Сталин закончил обсуждение вопроса, которым они занимались, поднял на меня глаза и спросил:
— Ну, что вы скажете об этом письме, товарищ Василевский?
Я сказал, что поражён этим письмом.
— А что вы думаете насчёт предстоящих действий после того, как прочли это письмо?
Я ответил, что… наступление надо начинать в установленные сроки, по моему глубокому убеждению, оно увенчается успехом.
— А как вы объясняете это письмо?
— Я сказал, что не могу объяснить это письмо.
— Как вы оцениваете автора этого письма?
— Я ответил, что считаю Вольского отличным командиром корпуса, способным выполнить возложенное на него задание.
— А теперь, после этого письма? — спросил Сталин, — Можно ли его оставить на корпусе, по вашему мнению?
Я несколько секунд думал над этим, потом сказал, что я лично считаю невозможным снимать командира корпуса накануне наступления и считаю правильным оставить Вольского на его должности, но, конечно, с ним необходимо говорить.
Через некоторое время Вольского нашли.
Сталин взял трубку.
— Здравствуйте, Вольский. Я прочёл ваше письмо. Я никому его не показывал, о нём никто не знает. Я думаю, что вы неправильно оцениваете наши и свои возможности. Я уверен, что вы справитесь с возложенными на вас задачами и сделаете всё, чтобы ваш корпус выполнил всё и добился успеха. Готовы ли вы сделать всё, от вас зависящее, чтобы выполнить поставленную перед вами задачу?
Очевидно, последовал ответ, что готов.
Тогда Сталин сказал:
— Я верю в то, что вы выполните вашу задачу, товарищ Вольский. Желаю вам успеха.
Он говорил всё это абсолютно спокойно, с полной выдержкой, я бы сказал даже, что говорил он с Вольским мягко.
Надо сказать, что я видел Сталина в разных видах и, не преувеличивая, могу сказать, что знаю его вдоль и поперёк. И если говорить о людях, которые натерпелись от него, то я натерпелся от него как никто. Но надо сказать правду, что бывал и таким, каким был в этом случае.
После того, как он кончил разговор, он сказал, что я могу отправиться на фронт.
Вольский действовал решительно и удачно, полностью выполнил свою задачу. Когда оба фронта соединились в районе Калача, через день или два после соединения я впервые вновь увидел Вольского.
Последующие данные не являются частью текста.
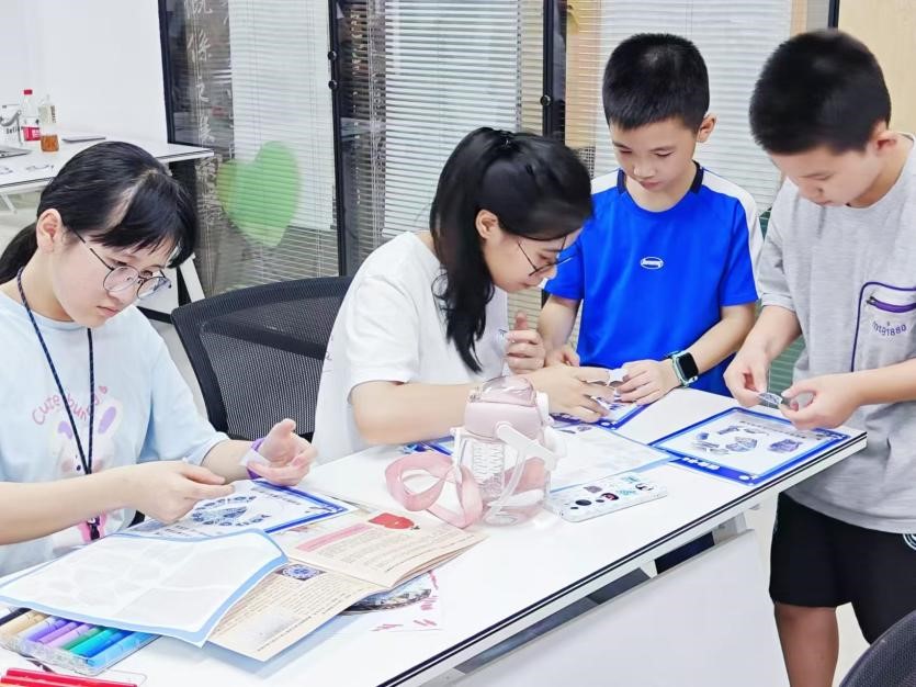 艺术设计学院学生与孩子们共同完成任务卡

Я был ещё на Юго-Западном фронте и докладывал Сталину о соединении фронтов и об организации внутреннего и внешнего фронта окружения. При этом докладе он спросил меня, как действовал Вольский и его корпус. Я сказал так, как оно было, что корпус Вольского и его командир действовали отлично.
— Вот что, товарищ Василевский, — сказал Сталин, — раз так, то я прошу вас найти там, на фронте, хоть что-нибудь пока, чтобы немедленно от моего имени наградить Вольского. Передайте ему мою благодарность, наградите его от моего имени и дайте понять, что другие награды ему и другим — впереди.
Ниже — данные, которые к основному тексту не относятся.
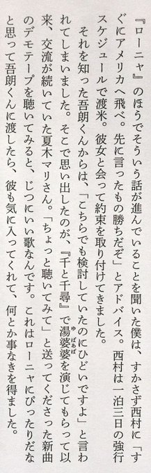 『#思い出のマーニー』で主題歌を歌ったプリシラ・アーンは、もともと宮崎吾朗監督が『山賊の娘ローニャ』の主題歌を歌ってもらおうとしてたんだけど、鈴木敏夫Pが「早いもの勝ちだ」とスタッフを渡米させて先に契約してしまい、「ひどいですよ!」と吾朗監督がブチ切れたらしい(たしかにひどいw)

После этого звонка я подумал: чем же наградить Вольского? У меня был трофейный немецкий «вальтер», и я приказал там же, на месте, прикрепить к нему дощечку с соответствующей надписью, и когда мы встретились с Вольским, я поздравил его с успехом, поблагодарил за хорошие действия, передал ему слова Сталина и от его имени этот пистолет. Мы стояли с Вольским, смотрели друг на друга, и с ним было такое потрясение, что этот человек в моём присутствии зарыдал, как ребёнок». /Из беседы К. Симонова с маршалом Василевским/
«25 февраля 1943 года из Ульяновска в Кремль Сталину патриарший местоблюститель митрополит Сергий написал:
«Верующие в желании помочь Красной Армии охотно откликнулись на мой призыв: собрать средства на постройку танковой колонны имени Дмитрия Донского. Всего собрано около 6000000 рублей и, кроме того, большое количество золотых и серебряных вещей. Примите эти средства как дар от духовенства и верующих русской православной церкви в день юбилея Красной Армии. Ответ Сталина Сергию был направлен в тот же день: «Прошу передать православному духовенству и верующим, собравшим 6000000 рублей, золотые и серебряные вещи на строительство танковой колонны имени Дмитрия Донского, мой искренний привет и благодарность Красной Армии».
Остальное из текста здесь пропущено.